Within the lines below, the span from the line with "为了玩的安心,有些朋友会格外" to the line with "Les outils d’édition", both ends included, is to be reproduced exactly, with pictures omitted.

_RECORDED DATA_
....

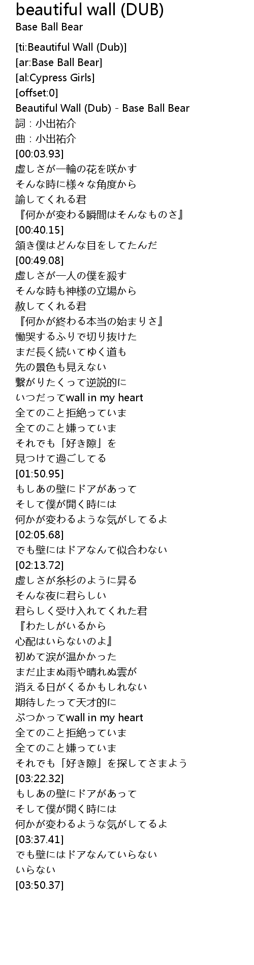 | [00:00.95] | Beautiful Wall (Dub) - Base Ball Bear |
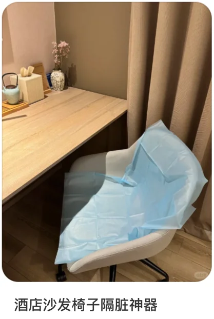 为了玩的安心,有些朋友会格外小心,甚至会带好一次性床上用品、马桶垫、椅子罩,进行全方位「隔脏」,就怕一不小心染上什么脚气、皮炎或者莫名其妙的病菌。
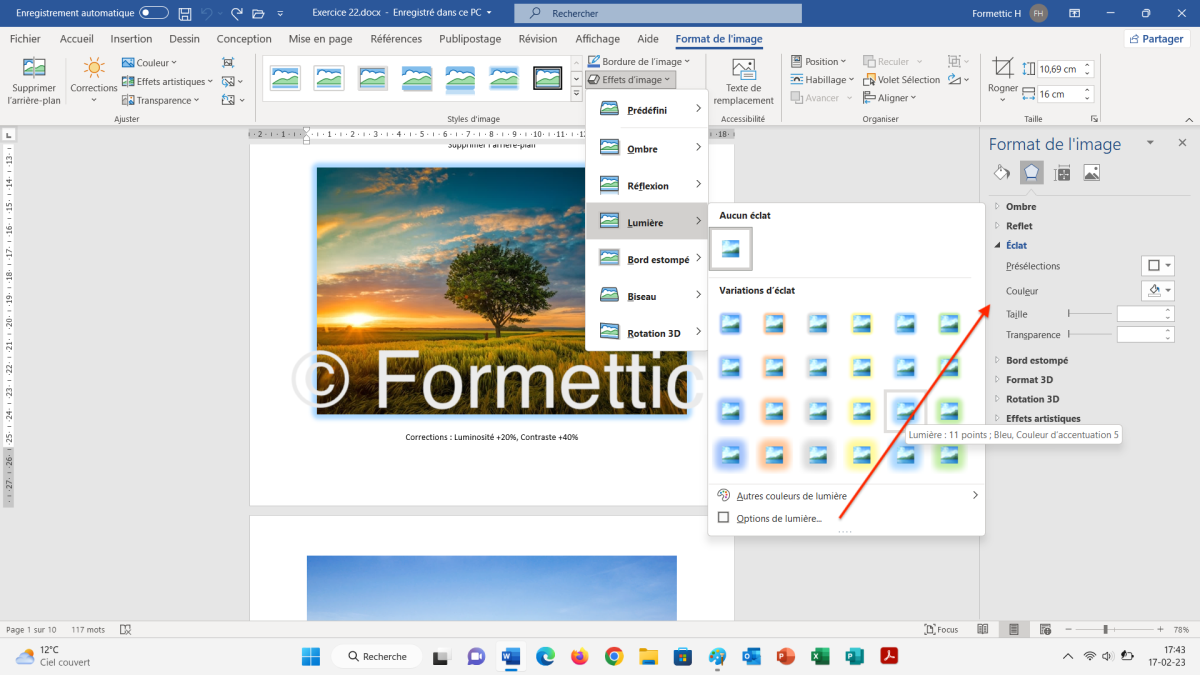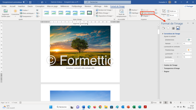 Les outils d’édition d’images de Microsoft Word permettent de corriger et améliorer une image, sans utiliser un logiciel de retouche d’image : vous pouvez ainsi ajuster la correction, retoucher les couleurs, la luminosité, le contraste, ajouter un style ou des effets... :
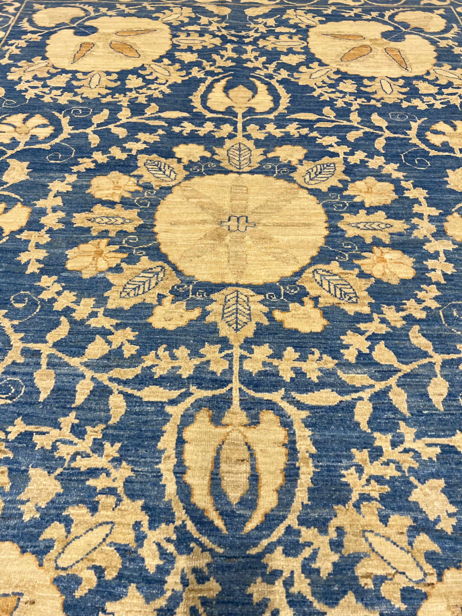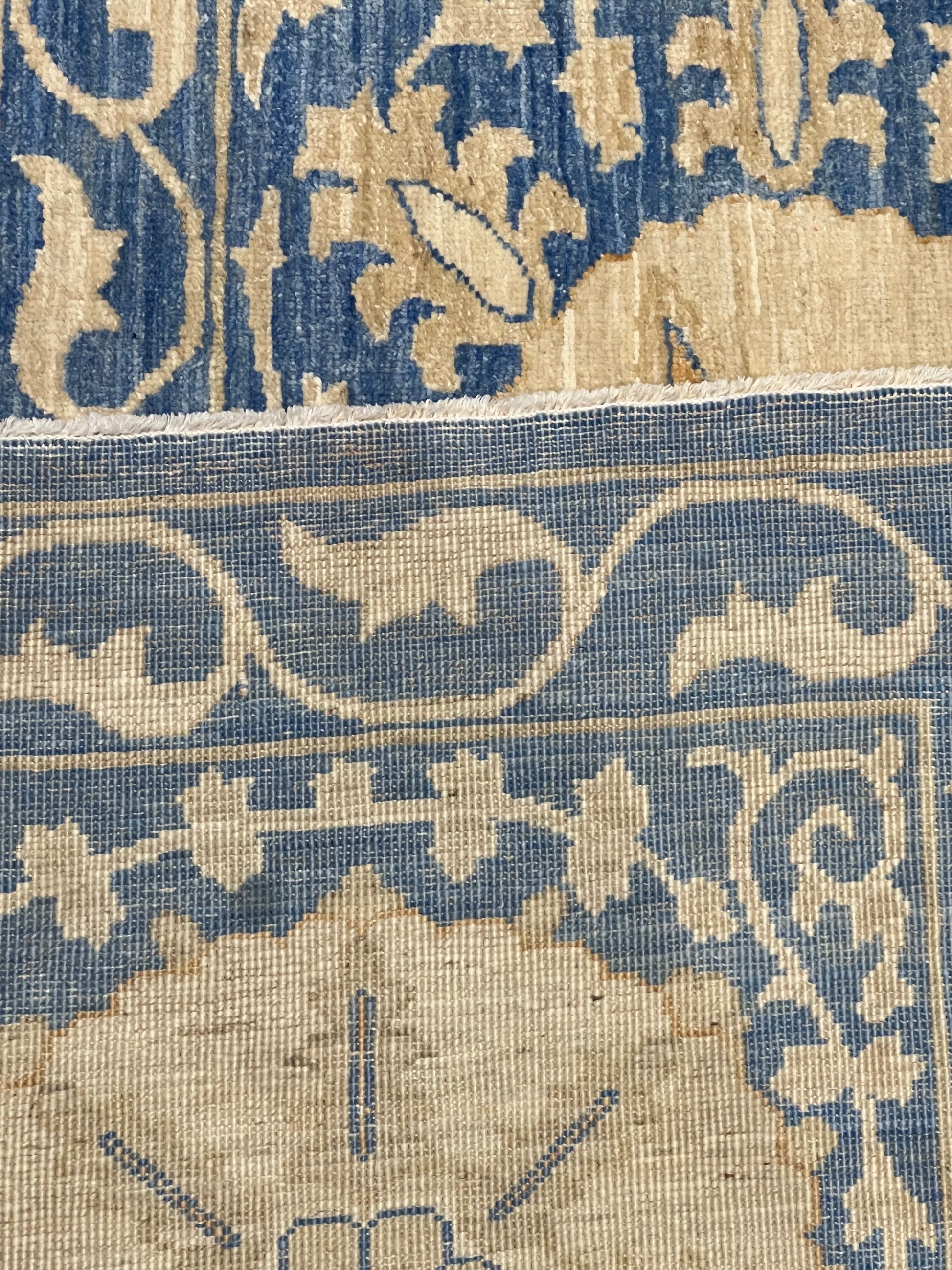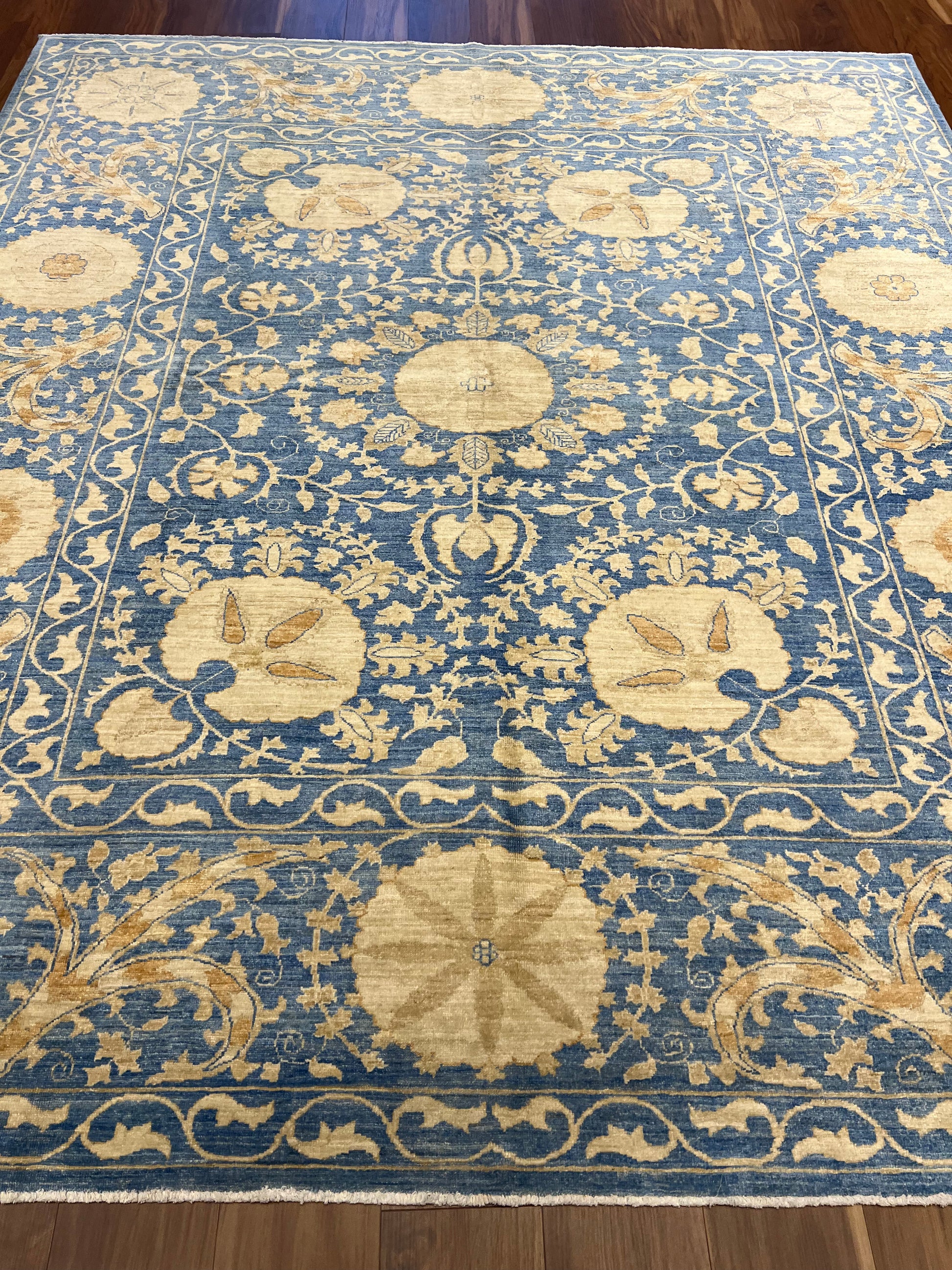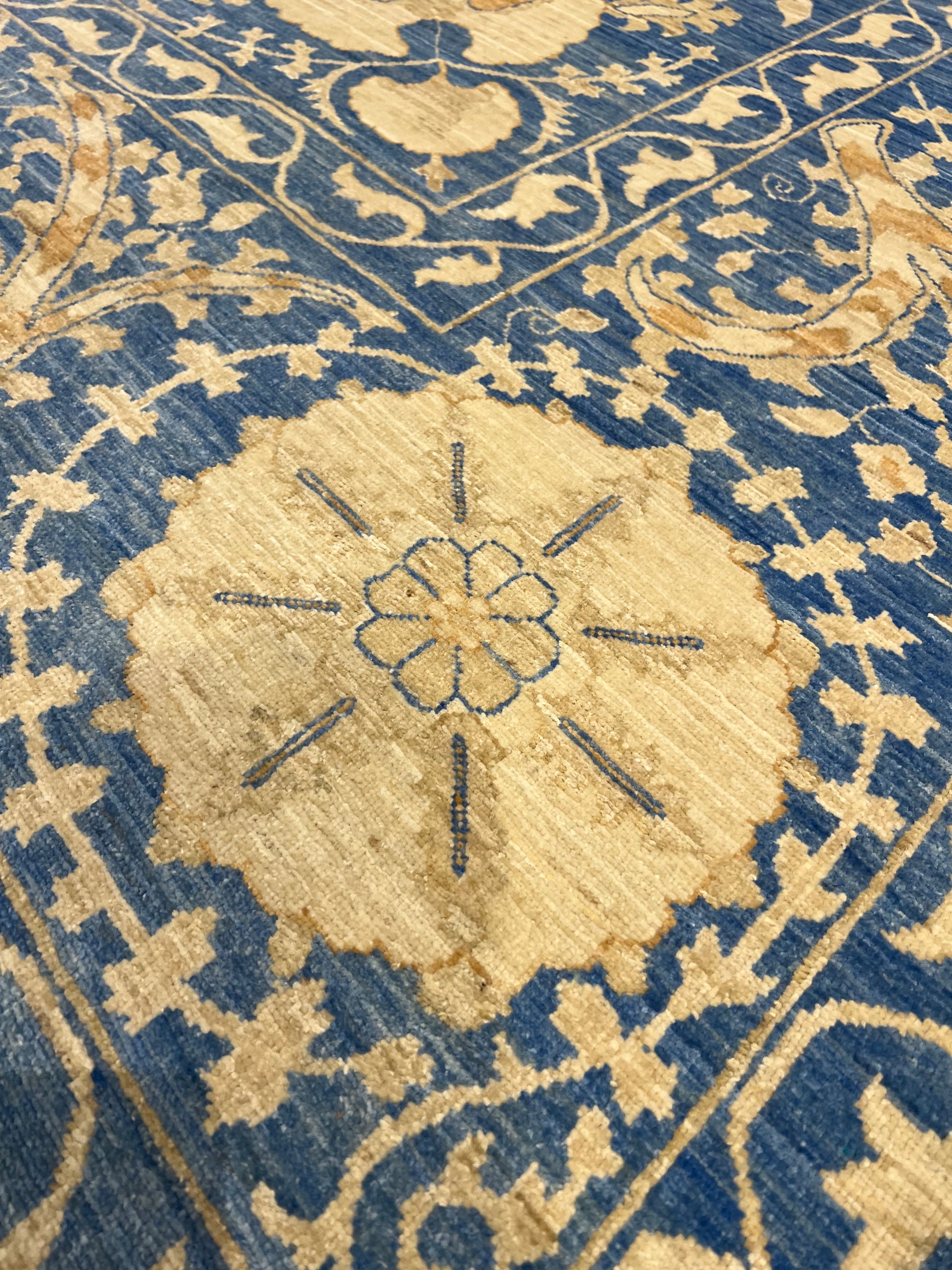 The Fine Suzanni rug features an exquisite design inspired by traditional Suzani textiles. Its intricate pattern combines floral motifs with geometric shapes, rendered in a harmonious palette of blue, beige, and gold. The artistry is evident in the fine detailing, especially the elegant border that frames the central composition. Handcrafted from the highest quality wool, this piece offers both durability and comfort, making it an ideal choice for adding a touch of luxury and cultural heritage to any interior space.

....

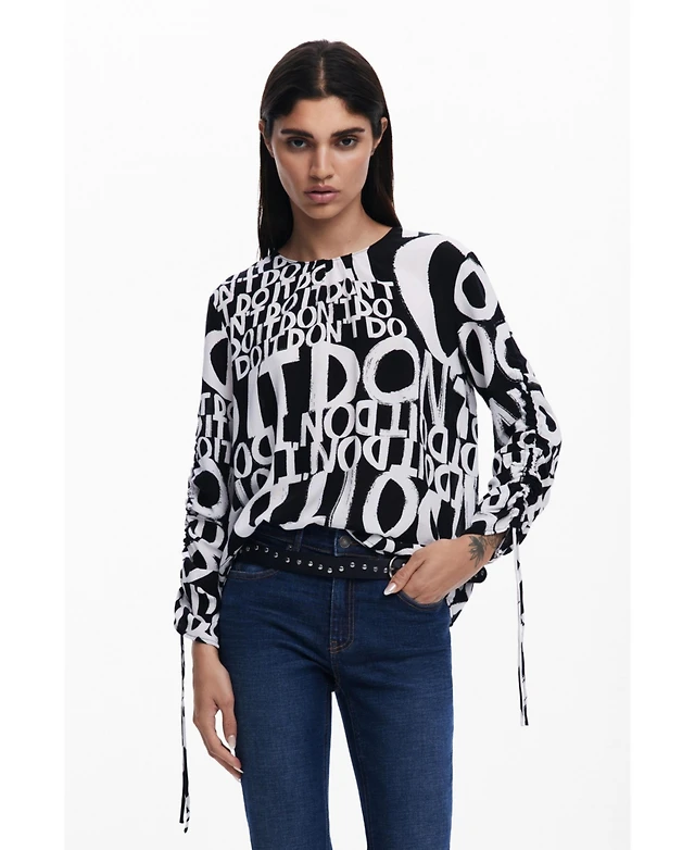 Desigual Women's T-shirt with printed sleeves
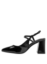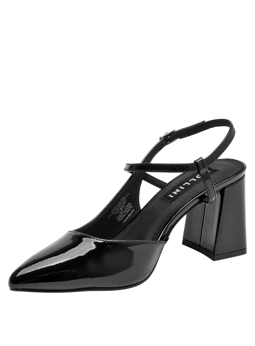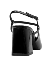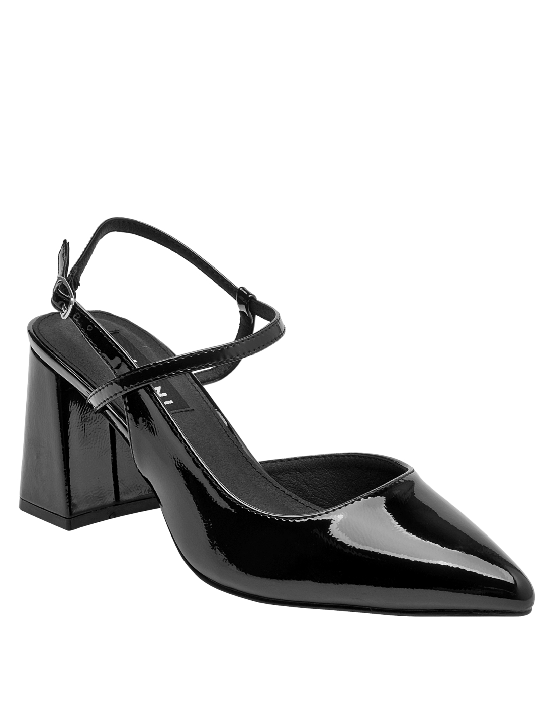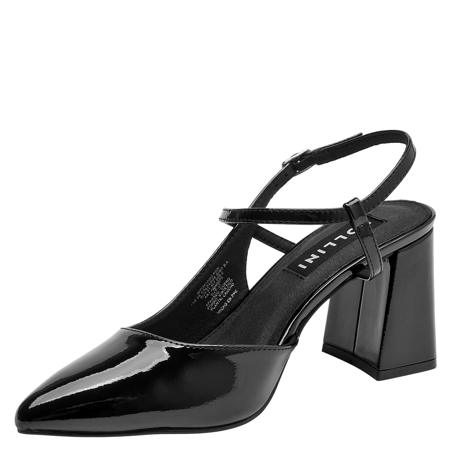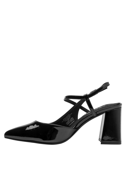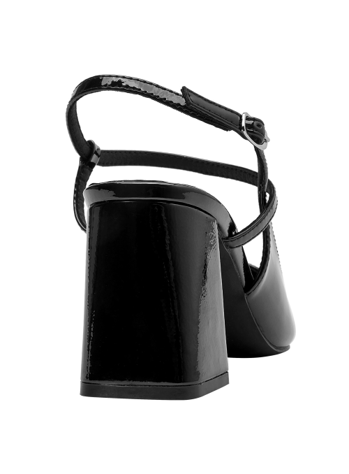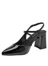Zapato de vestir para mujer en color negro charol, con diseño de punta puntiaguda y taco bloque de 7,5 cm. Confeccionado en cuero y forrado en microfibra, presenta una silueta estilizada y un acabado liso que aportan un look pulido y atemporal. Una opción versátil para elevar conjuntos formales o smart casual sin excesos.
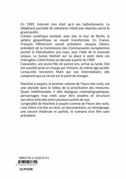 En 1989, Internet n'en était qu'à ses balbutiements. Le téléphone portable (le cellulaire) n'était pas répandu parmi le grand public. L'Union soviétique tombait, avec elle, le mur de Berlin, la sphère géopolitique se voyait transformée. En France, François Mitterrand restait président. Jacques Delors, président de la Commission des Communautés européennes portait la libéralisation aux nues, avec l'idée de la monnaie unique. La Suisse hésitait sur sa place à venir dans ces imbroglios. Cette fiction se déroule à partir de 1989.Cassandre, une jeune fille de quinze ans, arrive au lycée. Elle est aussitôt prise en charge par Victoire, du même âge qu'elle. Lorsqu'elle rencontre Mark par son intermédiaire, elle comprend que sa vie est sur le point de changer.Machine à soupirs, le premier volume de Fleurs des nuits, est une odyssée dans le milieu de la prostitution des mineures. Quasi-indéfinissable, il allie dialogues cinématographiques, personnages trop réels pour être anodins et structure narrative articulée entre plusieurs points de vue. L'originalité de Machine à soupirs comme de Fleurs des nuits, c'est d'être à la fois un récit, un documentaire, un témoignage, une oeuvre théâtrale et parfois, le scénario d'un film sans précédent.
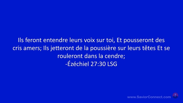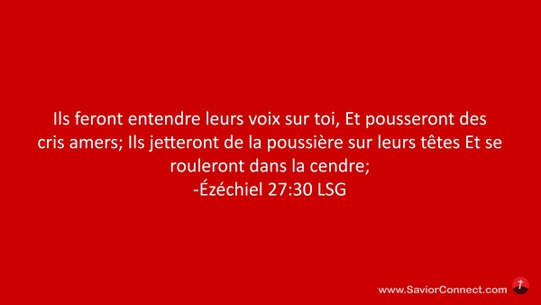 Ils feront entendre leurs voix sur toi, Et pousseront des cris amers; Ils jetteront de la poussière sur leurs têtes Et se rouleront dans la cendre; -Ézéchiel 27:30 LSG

....

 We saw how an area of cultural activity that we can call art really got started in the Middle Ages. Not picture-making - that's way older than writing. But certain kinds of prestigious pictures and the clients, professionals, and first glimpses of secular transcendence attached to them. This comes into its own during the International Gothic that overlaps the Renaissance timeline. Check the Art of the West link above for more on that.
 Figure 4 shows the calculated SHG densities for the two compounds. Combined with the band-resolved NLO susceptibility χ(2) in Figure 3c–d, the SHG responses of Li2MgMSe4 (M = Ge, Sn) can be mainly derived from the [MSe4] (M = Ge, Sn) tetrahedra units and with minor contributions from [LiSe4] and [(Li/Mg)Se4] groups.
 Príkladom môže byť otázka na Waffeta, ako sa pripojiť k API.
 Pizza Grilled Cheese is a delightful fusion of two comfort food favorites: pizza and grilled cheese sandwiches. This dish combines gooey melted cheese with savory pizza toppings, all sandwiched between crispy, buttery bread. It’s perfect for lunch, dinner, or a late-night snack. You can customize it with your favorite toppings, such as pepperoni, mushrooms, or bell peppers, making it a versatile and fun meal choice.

....

_WRITTEN RESPONSE_
 为了玩的安心,有些朋友会格外小心,甚至会带好一次性床上用品、马桶垫、椅子罩,进行全方位「隔脏」,就怕一不小心染上什么脚气、皮炎或者莫名其妙的病菌。
 Les outils d’édition d’images de Microsoft Word permettent de corriger et améliorer une image, sans utiliser un logiciel de retouche d’image : vous pouvez ainsi ajuster la correction, retoucher les couleurs, la luminosité, le contraste, ajouter un style ou des effets... :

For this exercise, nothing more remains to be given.